### Instructions for the task
Set the data down exactly as it stands, and keep its pictures out.

### Provided material
----
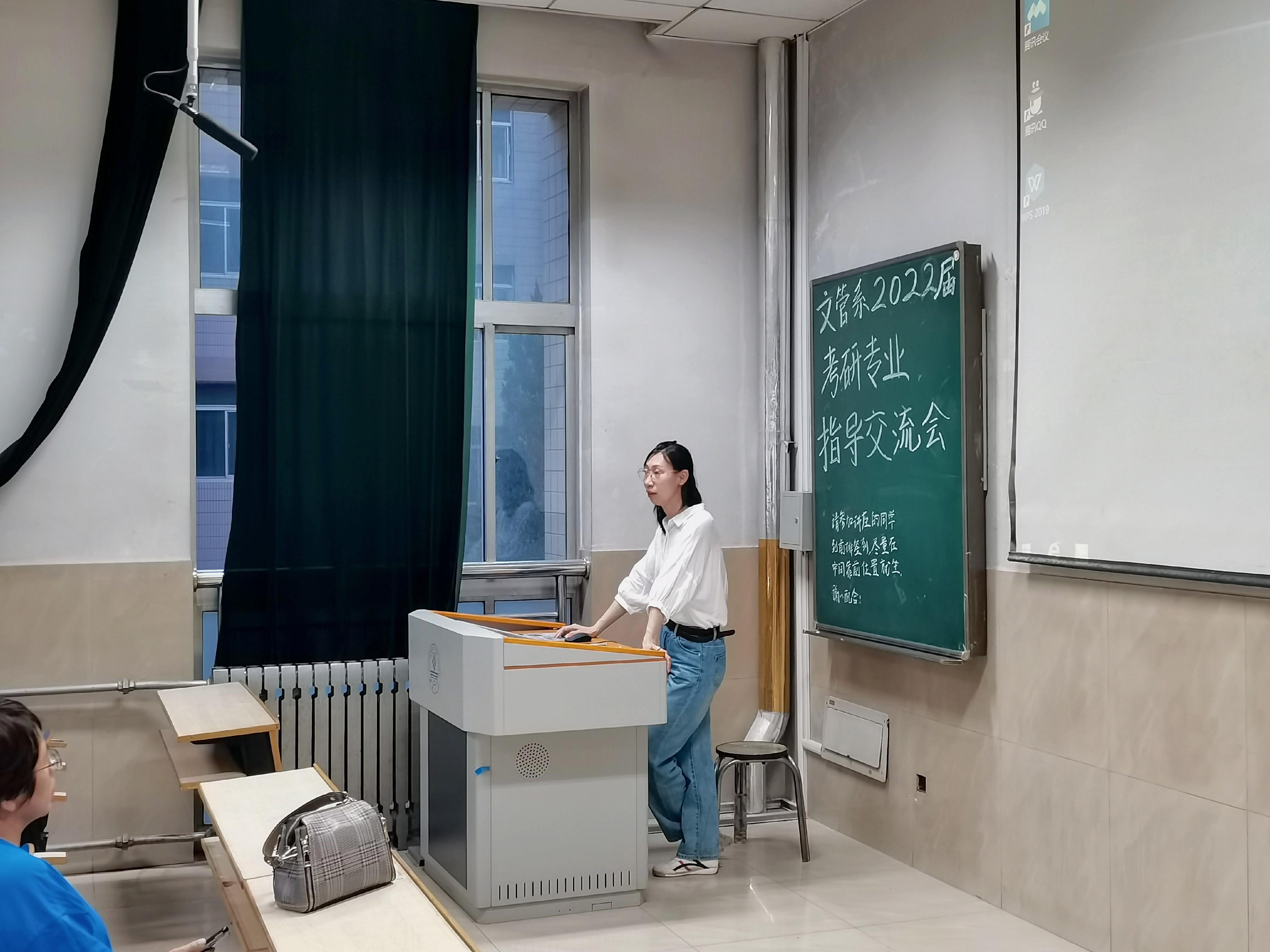 文管系党支部和学生第一党支部共同组织开展文管系考研专业指导及2021届毕业生党员考研经验分享交流会,为学院2022届考研学生提供指导和帮助,增强学生考研信心,提升考研竞争力。文管系专业教师顾方哲、宁秀丽现场答疑解惑,2021届文管系毕业生党员代表陈洵、王振华、赵倩倩、牛晨媛等四位同学分享备考经验,2022届文管系同学近百人参加活动。
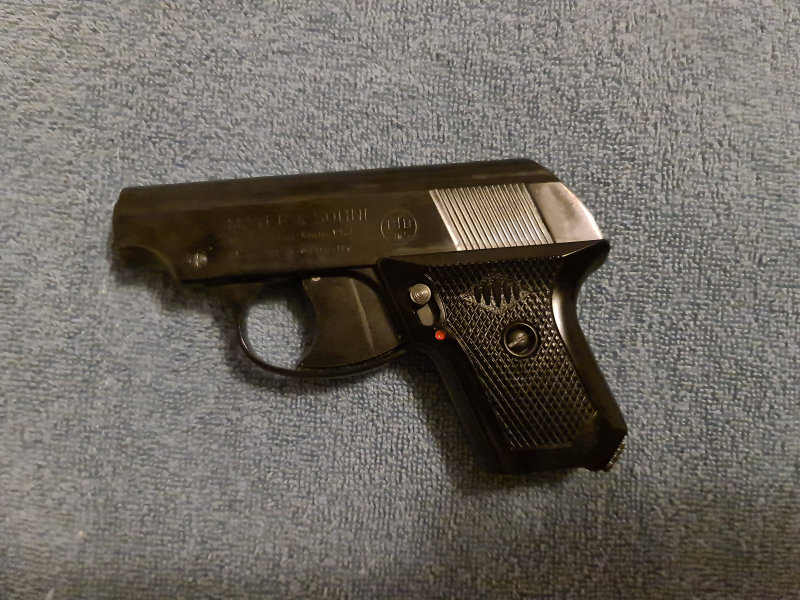 Es handelt sich hierbei um eine voll funktionstüchtige Mayer & Söhne Mod. G3 Start-Pistole/Gaspistole, Kal.6mm Flobert , PTB 165. Beste "Made in Germany" Qualität welche heute nicht mehr hergestellt wird. Klein handlich aber auch sehr laut und robust. Kenner wissen bescheid, sehr zuverlässig und stabil. Die Pistole hat einen integrierten Abschussbecher für Pyromunition bis 15mm. Diese Waffe befindet sich in einem sehr GUTEN ZUSTAND. Die Brünierung ist hochglänzend und sehr gut erhalten. Dieses Modell wurden von 1976 bis 1981 gebaut. In der PTB Liste wird dieses Model mit dem Hersteller Mayer & Riem geführt. Diese Waffe muss also eine frühe Fertigung sein, als der Teil der Firma noch nicht zu Mayer & Riem übergegangen war. Also in jedem Fall sammelwürdig.
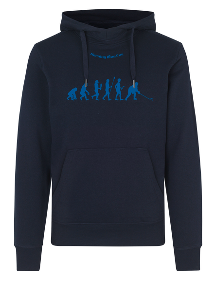 Farverig evolution fra primitivt menneske til toptunet ishockeyspiller. En lækker hoodie med high-cut halsafslutning, snøre i hætte og rib ved ærme og bund.
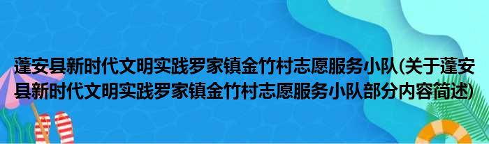 蓬安县新时代文明实践罗家镇金竹村志愿服务小队(关于蓬安县新时代文明实践罗家镇金竹村志愿服务小队部分内容简述)
----
### Answer section
 文管系党支部和学生第一党支部共同组织开展文管系考研专业指导及2021届毕业生党员考研经验分享交流会,为学院2022届考研学生提供指导和帮助,增强学生考研信心,提升考研竞争力。文管系专业教师顾方哲、宁秀丽现场答疑解惑,2021届文管系毕业生党员代表陈洵、王振华、赵倩倩、牛晨媛等四位同学分享备考经验,2022届文管系同学近百人参加活动。
 Es handelt sich hierbei um eine voll funktionstüchtige Mayer & Söhne Mod. G3 Start-Pistole/Gaspistole, Kal.6mm Flobert , PTB 165. Beste "Made in Germany" Qualität welche heute nicht mehr hergestellt wird. Klein handlich aber auch sehr laut und robust. Kenner wissen bescheid, sehr zuverlässig und stabil. Die Pistole hat einen integrierten Abschussbecher für Pyromunition bis 15mm. Diese Waffe befindet sich in einem sehr GUTEN ZUSTAND. Die Brünierung ist hochglänzend und sehr gut erhalten. Dieses Modell wurden von 1976 bis 1981 gebaut. In der PTB Liste wird dieses Model mit dem Hersteller Mayer & Riem geführt. Diese Waffe muss also eine frühe Fertigung sein, als der Teil der Firma noch nicht zu Mayer & Riem übergegangen war. Also in jedem Fall sammelwürdig.
 Farverig evolution fra primitivt menneske til toptunet ishockeyspiller. En lækker hoodie med high-cut halsafslutning, snøre i hætte og rib ved ærme og bund.
 蓬安县新时代文明实践罗家镇金竹村志愿服务小队(关于蓬安县新时代文明实践罗家镇金竹村志愿服务小队部分内容简述)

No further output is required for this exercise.